Last update - 16:28 09/06/2006
The AIPAC case goes wild
What a dead journalist, two FBI agents, one imprisoned pedophile, a group of angry senators, a silent official and a puzzled biographer can do to the AIPAC case.
Some strange developments have taken place over the last few days that are relevant to the so-called AIPAC trial, in which Steven Rosen and Keith Weissman, former lobbyists for the American Israel Public Affairs Committee, have been accused of passing unauthorized information concerning national security to an Israeli diplomat and a journalist. Based on what we can determine from recent occurrences, one can only hope that the judge will dismiss this case soon and save all the involved parties major embarrassment.
This week saw a showdown that was forced upon a senior official in the Justice Department's criminal division, Matthew Friedrich, by Sen. Arlen Specter, a Republican from Pennsylvania, and his judiciary committee colleagues.
It is very relevant to the AIPAC case, though the original issue that triggered it is known as the "Anderson affair," the FBI's posthumous probe of columnist Jack Anderson. If you haven't been following the Anderson affair, here's a synopsis: The U.S. government is seeking 50 years' worth of papers from the late investigative reporter. Why? Well, that's the story we're telling here.
On Tuesday, members of the Senate Judiciary Committee were slamming the administration over its use of executive power. Sen. Charles Grassley, a Republican from Iowa, said in his opening statement: "If there is information that would really harm national security in the Jack Anderson archives, then it deserves to be protected from public disclosure. If there is really evidence of a crime in those papers, then the FBI should have access to it. However, the FBI should be willing and able to demonstrate that it has a legitimate reason to access the documents. It needs something more than just an assertion that there may be classified materials in the files."
And that was just the beginning.
"Why in heaven's name were you sent up here?" asked ranking Democrat Patrick Leahy as Friedrich, the witness from the Justice Department, refused to answer most of the questions. "Are there any questions you guys are allowed to answer other than your title, time of day?" fumed Leahy. Friedrich said he couldn't discuss the Anderson matter as it might hamper the FBI efforts to convict Rosen and Weissman.
Now, how can that be? We don't really know. However, some wild stories are circulating around town.
Mark Feldstein, a former reporter who's now writing a book about Anderson, is the one telling the most revealing story so far concerning this odd affair.

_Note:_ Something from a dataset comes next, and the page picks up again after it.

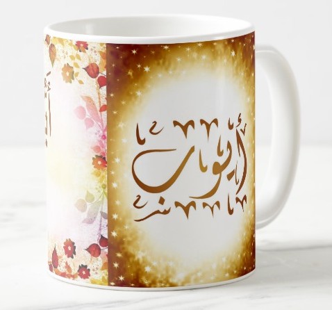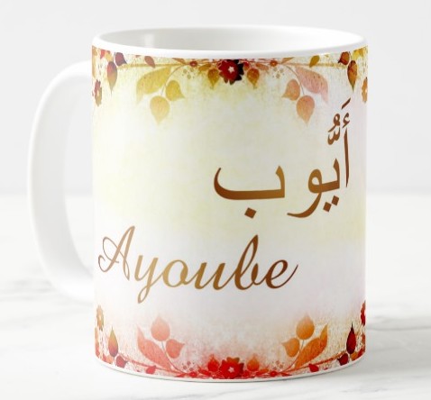 Mug avec le prénom "Ayoube" écrit en français, en arabe (أيوب) et calligraphié de façon artistique en arabe sur la partie droite.

He is the one testifying that two FBI agents showed up at his home in the beginning of March looking for 200 boxes of Anderson's papers, which the Anderson family gave him as he was working on the book. The two agents, according to Feldstein, said they wanted to look for evidence that Rosen and Weissman had passed classified documents to Anderson.
This seemed strange to Feldstein, since he knew that Anderson was diagnosed with Parkinson's disease in 1986 and had not really been doing much reporting between 1999 and 2004, the years in which the AIPAC case unfolded. His conclusion: "As bizarre as it sounded, I could only conclude that the Justice Department had decided that it wanted to prosecute people who might have whispered national security secrets decades ago to a reporter who is now dead."

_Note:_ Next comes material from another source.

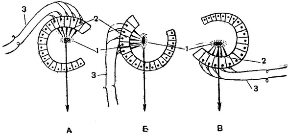 А. Положення голови вниз тім'ям. Б Нахилене положення готові. В. Положення голови вгору тім'ям (нормальне). 1 - Отоліти; 2 - волоскові чутливі клітини; 3 - доцентрові нерви

But that's not all. Feldstein is saying that the agents also implied that they had an informant, a former assistant to Anderson. In his written testimony, Feldstein stated that this reliable informant was "imprisoned for sodomizing a boy under 13 and admitted having a history of mental illness and fabricating stories." Got it? Feldstein said he "cautioned them [the agents] about [the informant's] past and explicitly warned them that this prior history made him a source of questionable credibility" - but apparently to no avail.
Now, back to the AIPAC case and the lessons one can draw from this wild week of publications and testimonies:
1. If one was suspicious of earlier claims about the relevance of this case to the freedom of the press, I guess that's over now.
2. It is somewhat disturbing that the press got all excited about the case when this connection became clear, but not in the earlier stages when it was "just" lobbyists. Don't they deserve some protection even if there were no other implications?
3. It's almost tempting to hope that a trial will indeed take place, as it is clear now that many interesting, probably highly disturbing, stories will be exposed in the testimonies and the court interrogations.
4. However, how many more details do we need in order to conclude that this prosecution is flawed?
5. And if the FBI is still working to find new evidence, does it mean that what they have is not strong enough even for them?
6. When it comes to press freedom and misuse of executive power, it's easier for the Senate and other institutions to take a stand. You didn't hear any of them screaming when it was just about two pro-Israel lobbyists. Now they have started worrying, and this will result in more people taking Rosen and Weissman's side.
7. If you believe that judges are influenced by public opinion - and if you believed in the past that the judge in this case would find it very difficult to dismiss it altogether - will all of this make it easier for him to take the more gutsy decision?